> _PROMPT_
Copy the data exactly. Images are to be left out.

> _DATASET EXTRACT_

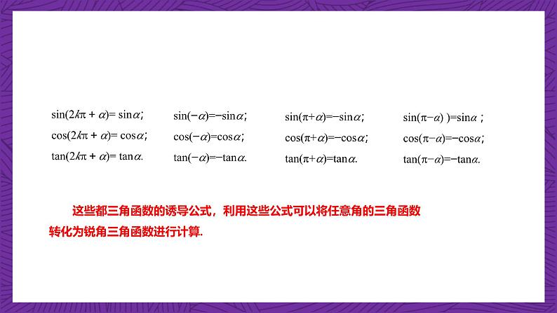 这些都三角函数的诱导公式,利用这些公式可以将任意角的三角函数转化为锐角三角函数进行计算.
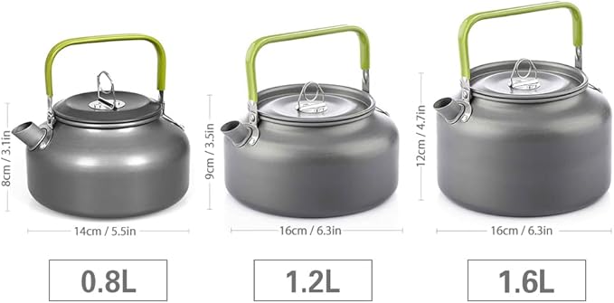 Lixada Camping Kettle 0.8L/1.2L/1.6L for Boiling Water, Coffee Pot Tea Kettle Aluminum Alloy Teapot with Silicon Handle Carry Bag for Hiking Outdoor Picnic
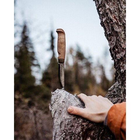 Patogus bendros paskirties peilis, ši versija yra pagaminta iš lengvai prižiūrimo nerūdijančio plieno. Rankena pagaminta iš beicuoto beržo. Jo paviršius yra šiek tiek tekstūruotas, todėl galite lengvai tvirtai ir saugiai suimti peilį. Tradicinio stiliaus odinis dėklas. Ašmenų ilgis 10 cm. Bendras ilgis 22 cm. Made in Finland.
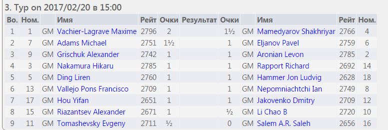 Одна победа в туре всё-таки есть: Накамура победил Раппорта. Эльянову в партии с Адамсом очень повезло, что Майкл Адамс упустил победу, остальные партии пока не смотрел.

> _REPLY_
 这些都三角函数的诱导公式,利用这些公式可以将任意角的三角函数转化为锐角三角函数进行计算.
 Lixada Camping Kettle 0.8L/1.2L/1.6L for Boiling Water, Coffee Pot Tea Kettle Aluminum Alloy Teapot with Silicon Handle Carry Bag for Hiking Outdoor Picnic
 Patogus bendros paskirties peilis, ši versija yra pagaminta iš lengvai prižiūrimo nerūdijančio plieno. Rankena pagaminta iš beicuoto beržo. Jo paviršius yra šiek tiek tekstūruotas, todėl galite lengvai tvirtai ir saugiai suimti peilį. Tradicinio stiliaus odinis dėklas. Ašmenų ilgis 10 cm. Bendras ilgis 22 cm. Made in Finland.
 Одна победа в туре всё-таки есть: Накамура победил Раппорта. Эльянову в партии с Адамсом очень повезло, что Майкл Адамс упустил победу, остальные партии пока не смотрел.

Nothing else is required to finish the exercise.